## RESISTANCE OF A COMBINATION OF RESISTORS

There are two ways of combining the resistors in a circuit. Figure below shows an electric circuit in which three resistors having resistances R1, R2 and R3, respectively, are joined end to end. Here the resistors are said to be connected in series. In series, there is only one path for flow of current.

Next Figure shows a combination of resistors in which three resistors are connected together between points X and Y. Here, the resistors are said to be connected in parallel. In parallel, there is separate path for flow of current in each resistor.

## Resistors in Series

In a series combination of resistors
(1) Same current I flow through each resistor.
(2) Potential difference across each resistor is different. V1 across R1, V2 across R2 and Vacross R3.
(3) Total potential difference across the combination is equal to the sum of potential difference across the individual resistors. That is,
$V=V_1+V_2+V_3$

## Equivalent Resistance of Series Combination

Let I be the current through the circuit. The current through each resistor is also I. Applying the Ohm’s law to three resistors separately, we have
$V_1=IR_1$
$V_2=IR_2$
$V_3=IR_3$

Since
$V=V_1+V_2+V_3$

We have
$V=IR_1+IR_2+IR_3$
$V=I(R_1+R_2+R_3)$
$\frac{V}{I}=R_1+R_2+R_3$
or
$R_s=R_1+R_2+R_3$

Where, RS is the equivalent resistance of the series combination.

We can conclude that when several resistors are joined in series, the resistance of the combination RS equals the sum of their individual resistances, R1, R2, R3, and is thus greater than any individual resistance.

We can imagine a single resistor Rreplacing the three resistors joined in series such that the potential difference V across it, and the current I through the circuit remains the same.

## Resistors in Parallel

In parallel combination of resistors

(1) Potential difference across each resistor is same.
(2) Current through each resistor is different. I1 across R1, I2 across R2 and I3 across R3
(3) The total current I, is equal to the sum of the
separate currents through each resistor of the
combination.
$I=I_1+I_2+I_3$

## Equivalent resistance in parallel combination

On applying Ohm’s law to each resistor of parallel combination, we have
$I_1=\frac{V}{R_1}$
$I_2=\frac{V}{R_2}$
$I_3=\frac{V}{R_3}$
Since
$I=I_1+I_2+I_3$

We have
$I=\frac{V}{R_1}+\frac{V}{R_2}+\frac{V}{R_3}$

$I=V(\frac{1}{R_1}+\frac{1}{R_2}+\frac{1}{R_3})$
$\frac{I}{V}=\frac{1}{R_1}+\frac{1}{R_2}+\frac{1}{R_3}$
$\frac{1}{R_P}=\frac{1}{R_1}+\frac{1}{R_2}+\frac{1}{R_3}$

Thus, we may conclude that the reciprocal of the equivalent resistance of a group of resistances joined in parallel is equal to the sum of the reciprocals of the individual resistances.

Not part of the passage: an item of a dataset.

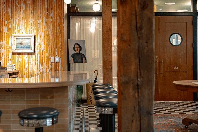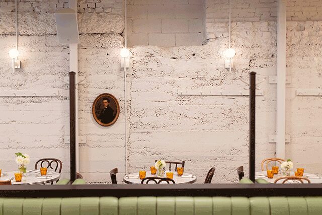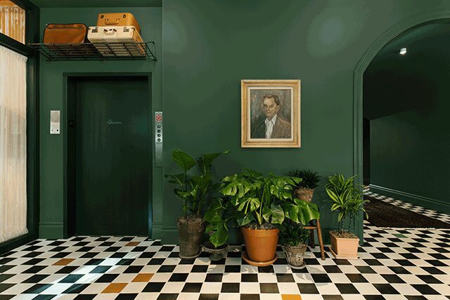 Green also reigns in the communal spaces. Both the reception and lounge feature emerald walls where honey-tan leather sofas surround driftwood coffee tables. A black and white checkerboard floor leads to the restaurant and coffee bar zone where green is swapped for whitewashed exposed brick. “We used wood detailing and lighter paint colors to emphasize the high ceilings within the space, so even when the weather is dark and gloomy, it feels inviting,” says Brosh, who modeled the eatery after the city’s famous public market. Even here, green sneaks in. Indeed, elegant banquettes in sage create color continuity.

## Preference of parallel combination over series

We prefer parallel combination over series combination in domestic circuit because of the following reasons:

(1) In a series circuit the current is constant throughout the electric circuit. Thus it is impracticable to connect different appliances such as an electric bulb and an electric heater in series, because they need currents of different values to function properly.
(2) Another major disadvantage of a series circuit is that when one electrical device fails the circuit is broken and none of the devices connected in the circuit works.

On the other hand in parallel circuit...

(1) In a parallel circuit, different appliances are connected in different branches and each appliance gets its required amount of current in that branch.
(2) In a parallel circuit, if one component fails, the others are not affected.

## Other topic on this chapter: 1.   Electric Current. 2.   Electric Potential 3.   Ohm's Law 4.   Resistance and resistivity 5.   Combinations of resistors 6.   Heating effect of electric current 7.   Electric power

1. A wire of resistance R is cut into five equal parts. These five parts are then connected in parallel. If the equivalent resistance of this combination is R', then calculate the ratio R/R'.

2. What is the (a) highest and (b) lowest, total resistance that can be obtained by combining four resistors of values 4Ω, 8Ω, 12Ω and 24Ω?

3. How can three resistors of resistances 2Ω, 3Ω and 6Ω be connected to give a total resistance of (a) 4Ω (b) 1Ω ?

4. Two resistors with resistances 5Ω and 10Ω respectively are to be connected to a battery of 6V so as to obtain (i) minimum current flowing (ii) maximum current flowing

(a) How would you connect the resistance in each case?
(b) Calculate the strength of the total current in the circuit in the two cases.

5. A battery of 9V is applied across resistors of 0.2Ω, 0.3Ω, 0.4Ω, 0.5Ω and 12Ω connected in series. How much current would flow through the 12Ω resistors?

6. How many 176 Ω resistors (in parallel) are required to carry 5 A on a 220 V line?

7. A hot plate of an electric oven connected to a 220 V line has two resistance coils A and B, each of 24 Ω resistance, which may be used separately, in series, or in parallel. What are the currents in the three cases?

8. In the given figure R1 = 10 Ω, R2 = 40 Ω, R3 = 30 Ω, R4 = 20 Ω, R5 = 60 Ω, and a 12 V battery is connected to the arrangement.
Calculate (a) the total resistance in the circuit, and (b) the total current flowing in the circuit.

9. An electric lamp, whose resistance is 20 Ω, and a conductor of 4 Ω resistance are connected in series to a 6 V battery. Calculate (a) the total resistance of the circuit, (b) the current through the circuit, and (c) the potential difference across the electric lamp and conductor.

10. An electric lamp of 100 Ω, a toaster of resistance 50 Ω, and a water filter of resistance 500 Ω are connected in parallel to a 220 V source. What is the resistance of an electric iron connected to the same source that takes as much current as all three appliances, and what is the current through it?

11. Three resistors of resistances 5Ω, 10Ω and 30Ω are connected in parallel across a 12V battery. Calculate:
(a) Total resistance in the circuit.
(b) Total current in the circuit.
(c) Current through each resistor.